Avec cette opération, M. Bertrand est fidèle à son profil d’« opportuniste raisonné ». Il profite, une fois encore, d’une situation favorable à ses appétits pour étendre son activité. Il y a un an à peine, il avait repris les brasseries des Frères Blanc, avec ses célèbres restaurants parisiens comme Au Pied de cochon, aux Halles, le Flora Danica, sur les Champs-Elysées, ou Le Procope, qui revendique le titre de plus ancien café. Un an plus tôt, il avait raflé les 400 fast-foods Quick qu’il est en train de convertir en Burger King. Une franchise qu’il a décrochée en 2013 pour la France pour concurrencer le leader de la restauration rapide McDonald’s.

Résultat, Groupe Bertrand, qui a créé la chaîne de sandwicheries Bert’s, les brasseries Au Bureau et possède aussi les salons de thé Angelina ou la Brasserie Lipp, représente aujourd’hui un total des ventes sous ses enseignes de 1,3 milliard d’euros.
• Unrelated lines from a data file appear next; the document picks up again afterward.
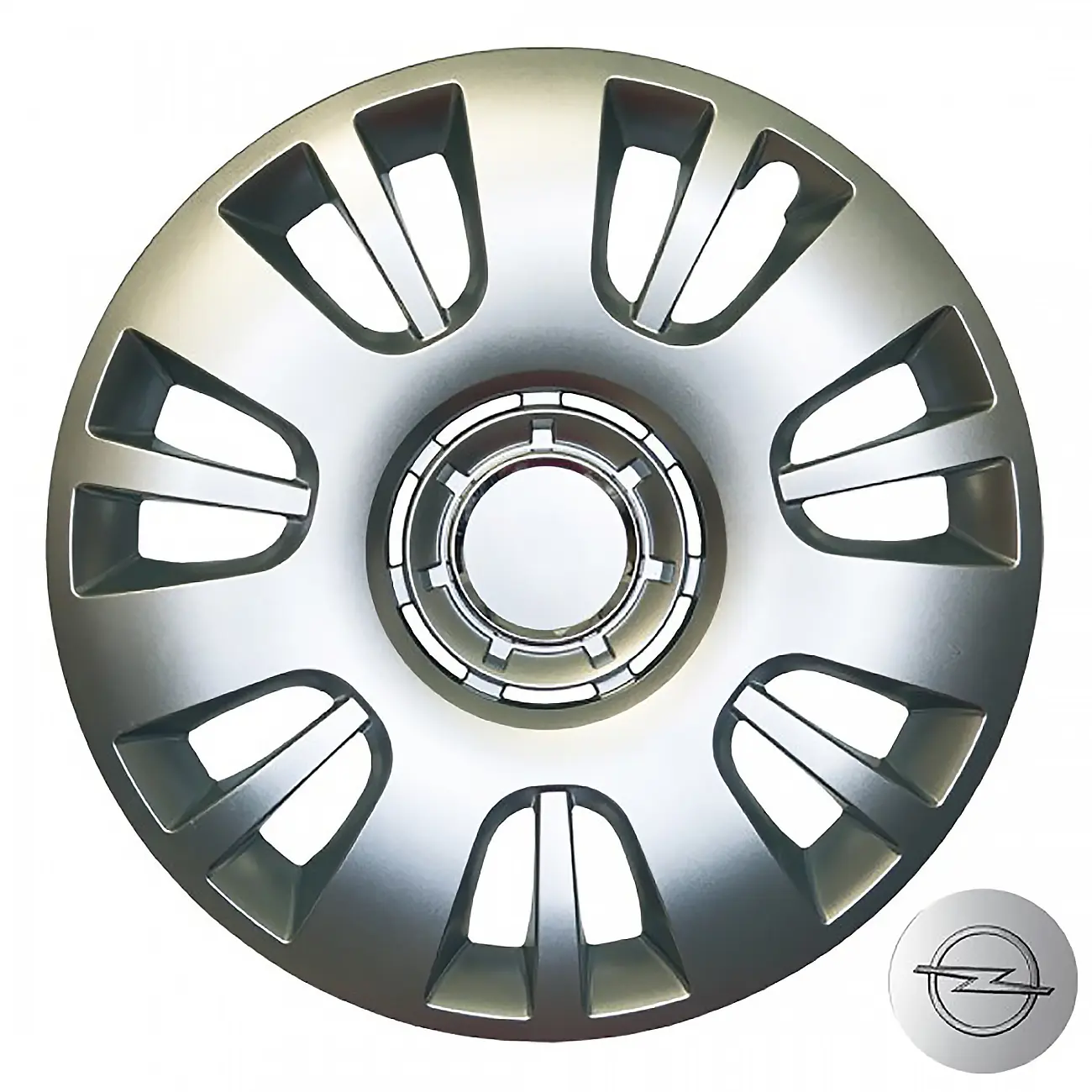 Κατασκευασμένα από υψηλής ποιότητας ενισχυμένο άθραυστο πλαστικό, απόλυτα ελαστικά, βαμμένα σε ασημί γυαλιστερό χρώμα, εξοπλισμένα με νίκελ δακτυλίδια για να στερεώσετε το σήμα της εκάστοτε μάρκας και ειδική εγκοπή για τη βαλβίδα του αέρα των ελαστικών του οχήματος.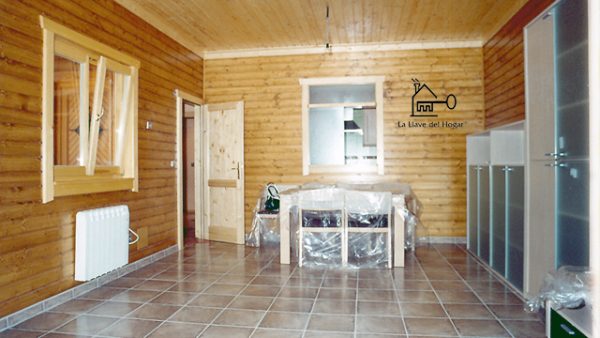 Una vez finalizada la construcción de toda la estructura de madera, sobre la base, se colocará suelo de gres en la planta baja. Si se prefiere se puede colocar tarima. En este caso sobre la base de hormigón se coloca una lámina asfáltica, rastréeles, entre los que se introduce una manta de 5 cm. de lana de roca, y a continuación una lamina de polietileno para evitar condensaciones. Finalmente se coloca la tarima y opcionalmente parquet.
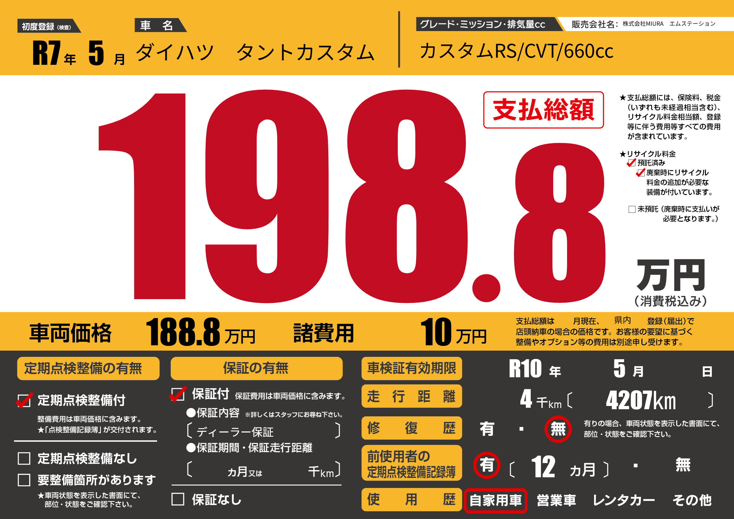 | 車名 | ダイハツ タントカスタム | グレード ミッション 排気量 |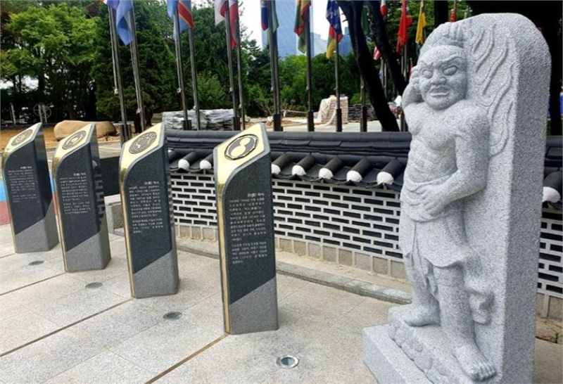국기원이 조성한 '9대관 조형 기념물' 옆에 금강역사상이 놓여져 있다.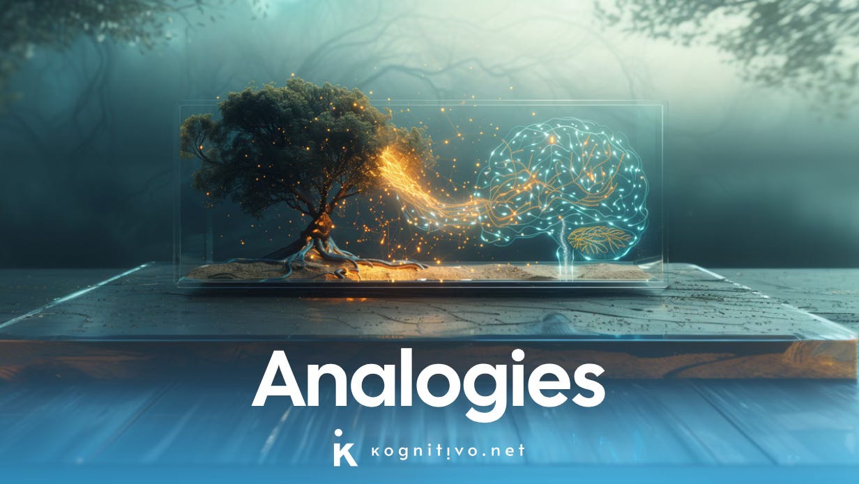 Analogies are cognitive shortcuts that help grasp new ideas using the mental models we already have. They let the brain recognize familiar relationships in unfamiliar territory, fostering knowledge transfer.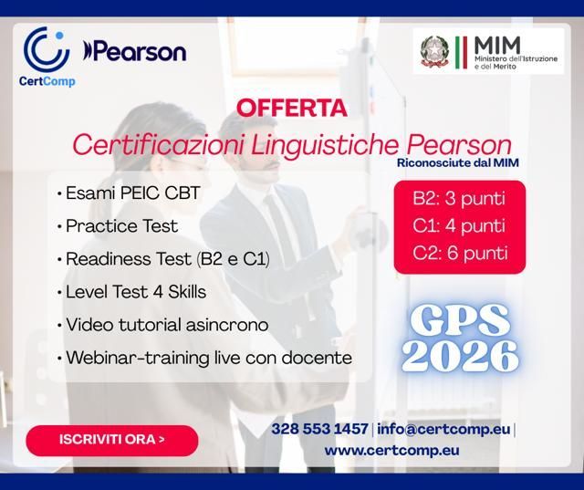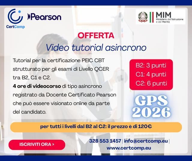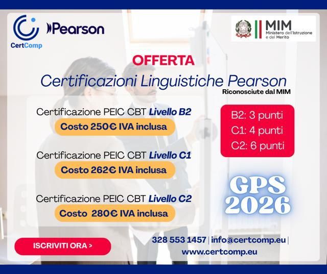 Certificazioni Linguistiche Pearson – Offerta GPS 2026 (PEIC CBT)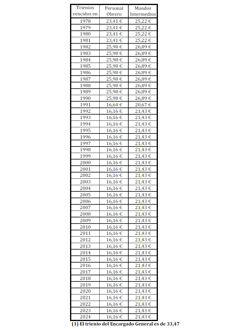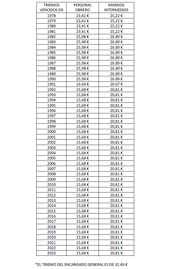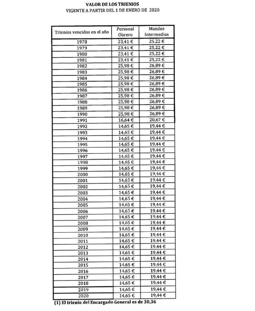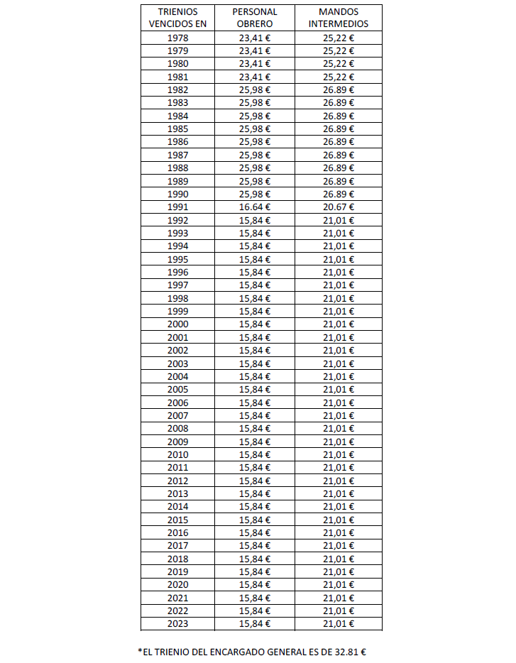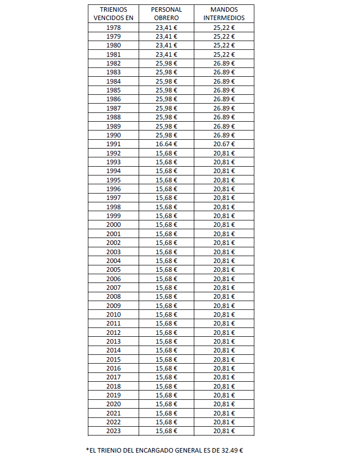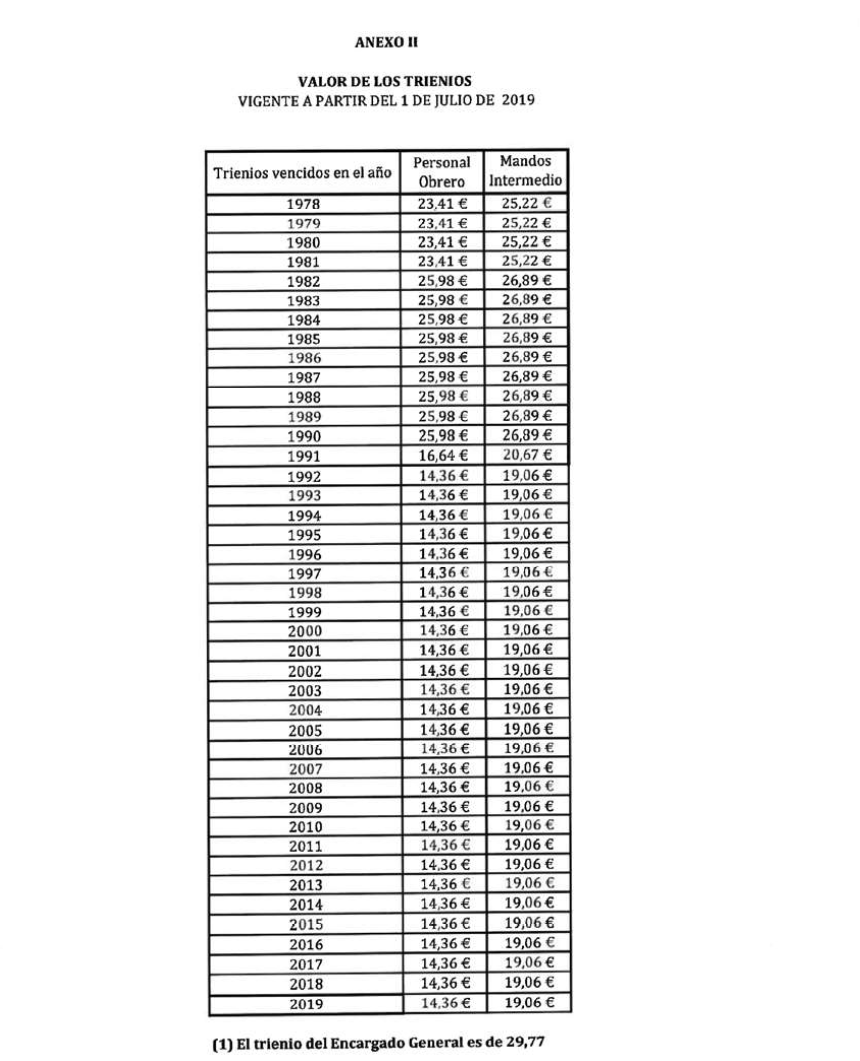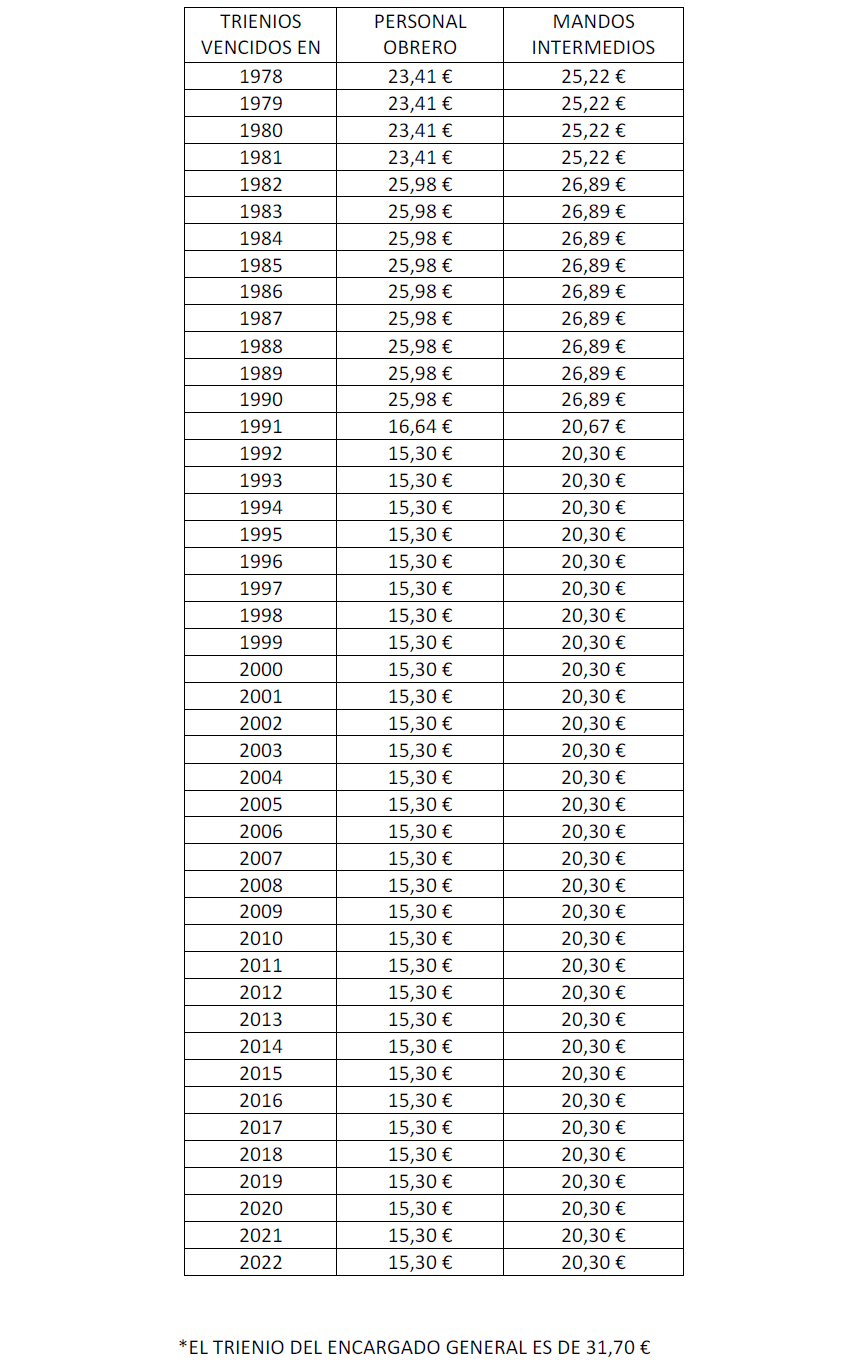 Los trienios vencidos a partir del 1 de enero de 1992 se incrementarán anualmente según la subida salarial pactada en convenio, que será igual a la que en cada momento se determine para el personal estatutario del SALUD. El valor de los trienios será el que figura en el anexos.

L’ensemble regroupe 650 restaurants et emploie 11 000 salariés. Reste à M. Bertrand à démontrer qu’il saura redonner un nouveau souffle à Hippopotamus et aux brasseries de Groupe Flo. Et à ce que sa boulimie ne se transforme pas en indigestion.

Les chiffres

Groupe Bertrand

1,3 milliard

C’est, en euros, le chiffre d’affaires sous enseigne en 2016.

11 000

C’est le nombre d’employés que compte l’entreprise.

650

C’est le nombre de restaurants que détient Groupe Bertrand.

Groupe Flo

246,8 millions

C’est, en euros, le chiffre d’affaires de l’entreprise en 2016.

4 600

C’est le nombre d’employés que compte le groupe.

270

C’est le nombre de restaurants que détient le Groupe Flo.